DIRECTIONS:
Transcribe, exactly and without pictures, the lines below from the line with "Eltern: Postmeister Gerhard" to the line with "地處烏江源頭水域的貴州省黔西", both ends included, and no others.

RECORDS SUPPLIED:

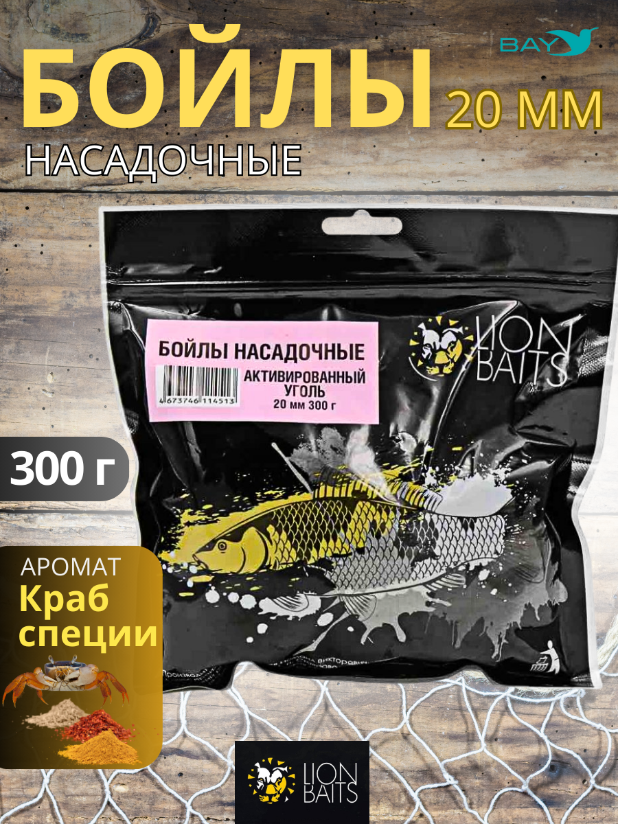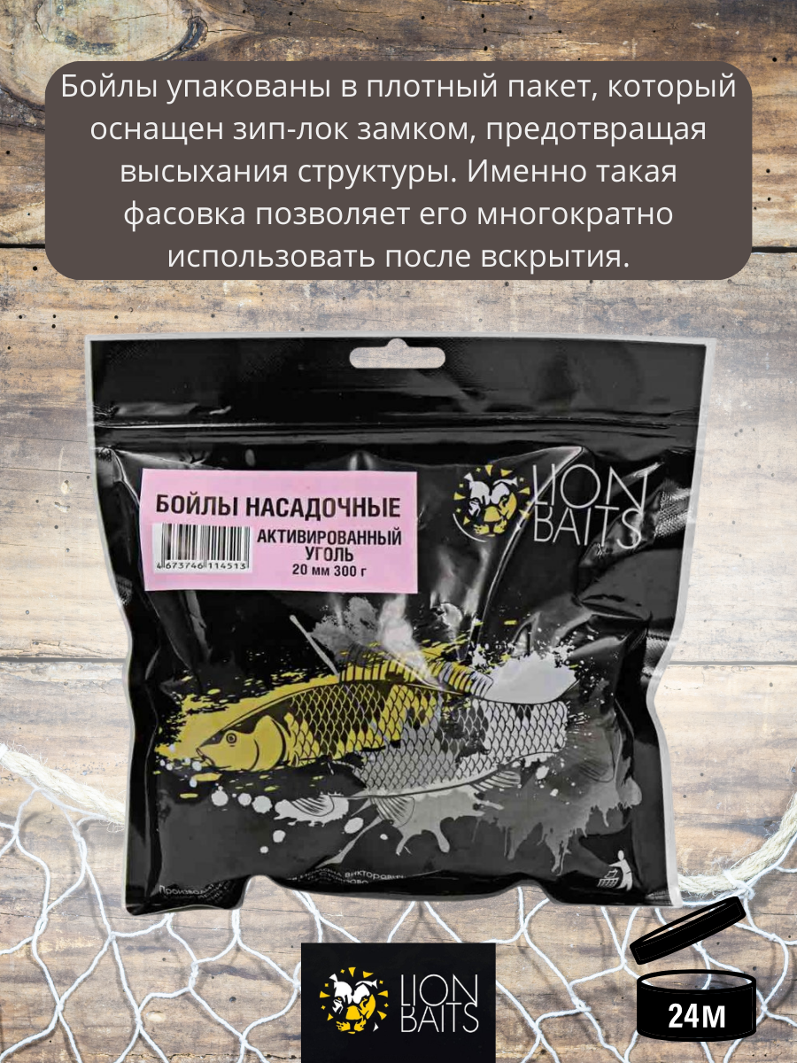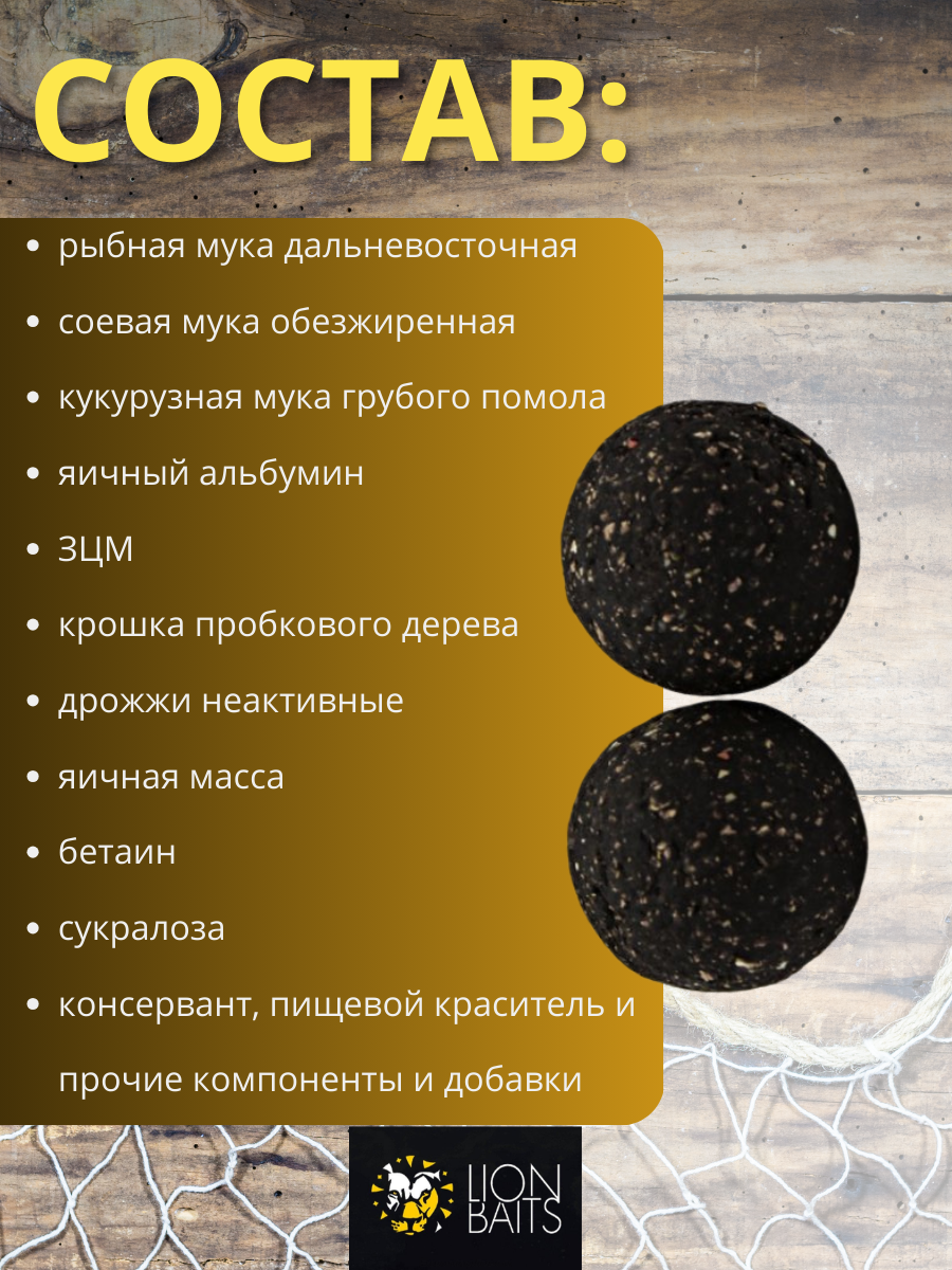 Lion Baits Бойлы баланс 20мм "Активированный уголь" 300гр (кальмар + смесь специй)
...
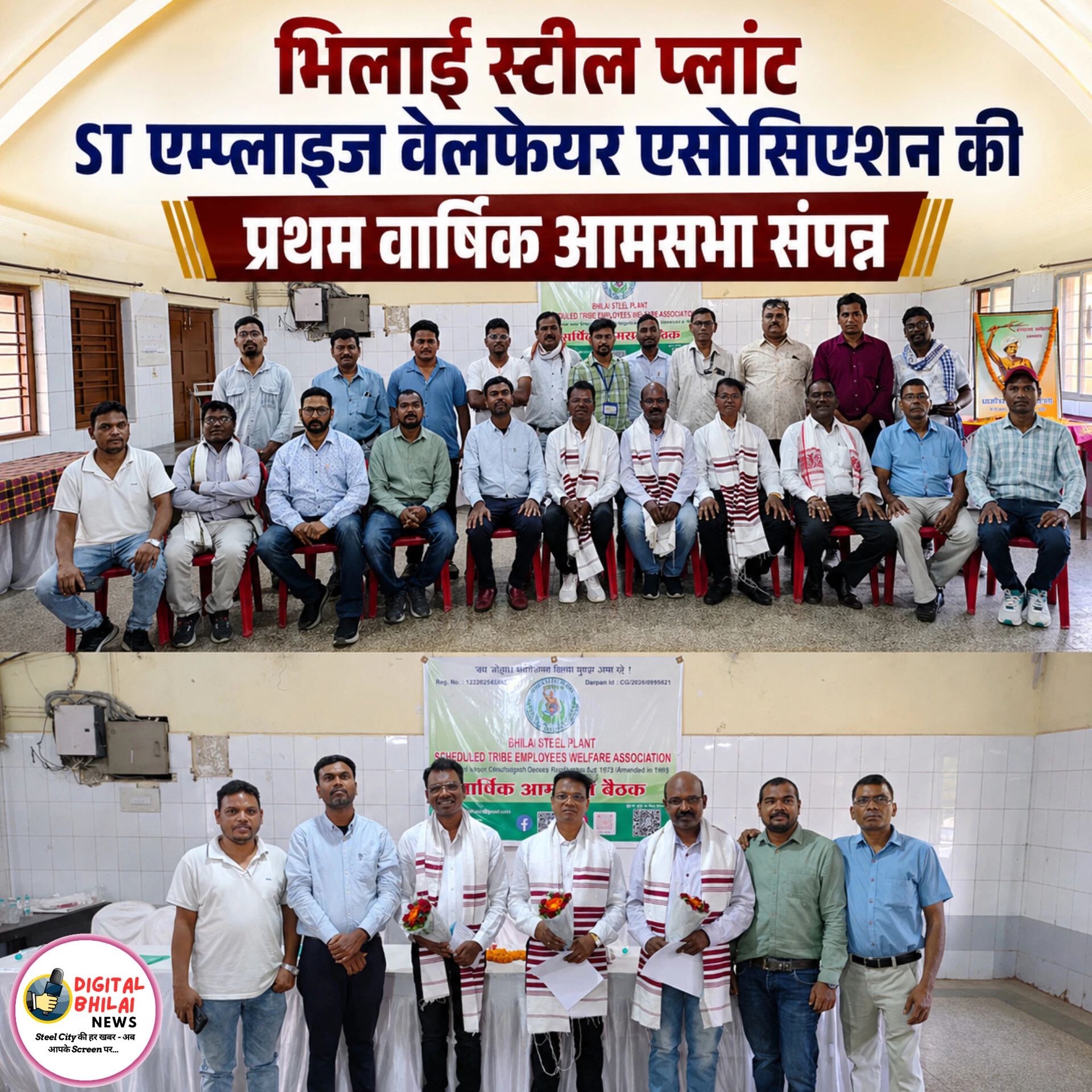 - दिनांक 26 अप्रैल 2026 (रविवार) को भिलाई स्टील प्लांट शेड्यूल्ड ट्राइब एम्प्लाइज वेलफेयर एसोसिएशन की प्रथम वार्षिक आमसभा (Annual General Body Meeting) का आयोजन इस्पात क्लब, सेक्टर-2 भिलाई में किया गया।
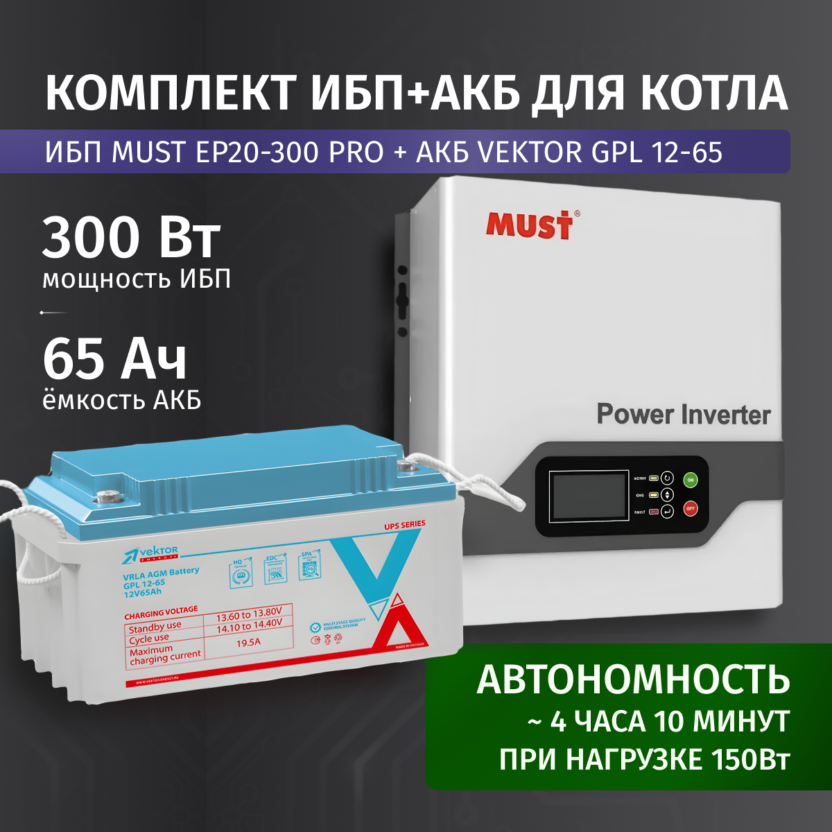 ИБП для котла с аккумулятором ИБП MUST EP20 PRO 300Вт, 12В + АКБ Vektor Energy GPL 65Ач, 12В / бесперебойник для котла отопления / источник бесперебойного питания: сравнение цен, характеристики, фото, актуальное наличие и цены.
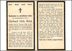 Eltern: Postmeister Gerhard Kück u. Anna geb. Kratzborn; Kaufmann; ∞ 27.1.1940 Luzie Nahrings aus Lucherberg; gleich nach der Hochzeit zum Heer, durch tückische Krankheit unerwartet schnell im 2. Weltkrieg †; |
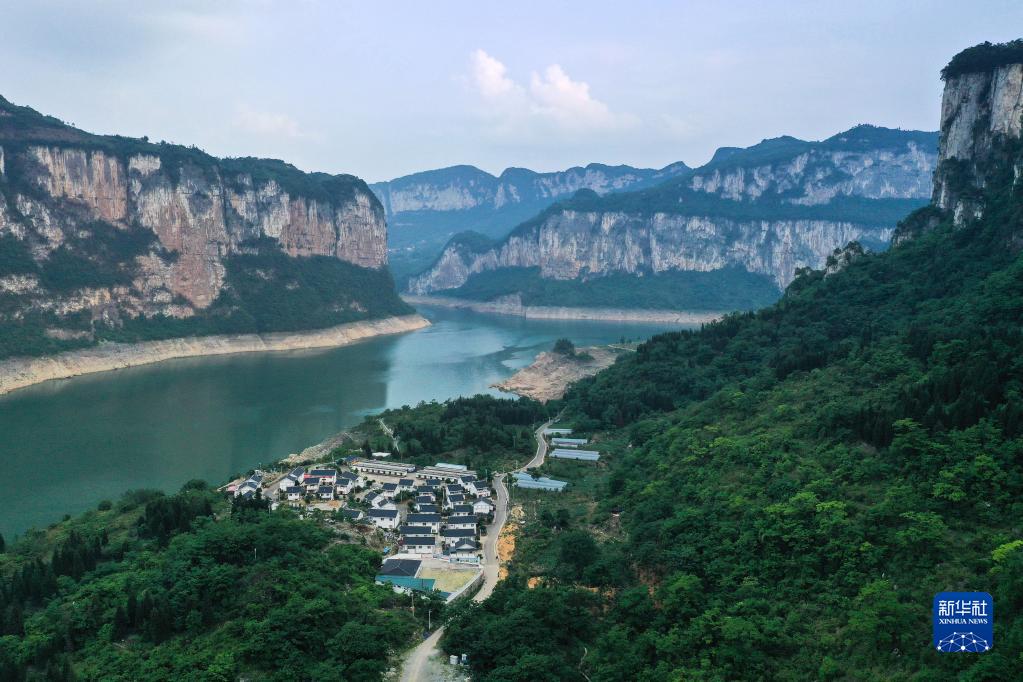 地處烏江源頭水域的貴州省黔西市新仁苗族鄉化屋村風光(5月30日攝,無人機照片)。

ANSWER FOR THIS EXERCISE:
 Eltern: Postmeister Gerhard Kück u. Anna geb. Kratzborn; Kaufmann; ∞ 27.1.1940 Luzie Nahrings aus Lucherberg; gleich nach der Hochzeit zum Heer, durch tückische Krankheit unerwartet schnell im 2. Weltkrieg †; |
 地處烏江源頭水域的貴州省黔西市新仁苗族鄉化屋村風光(5月30日攝,無人機照片)。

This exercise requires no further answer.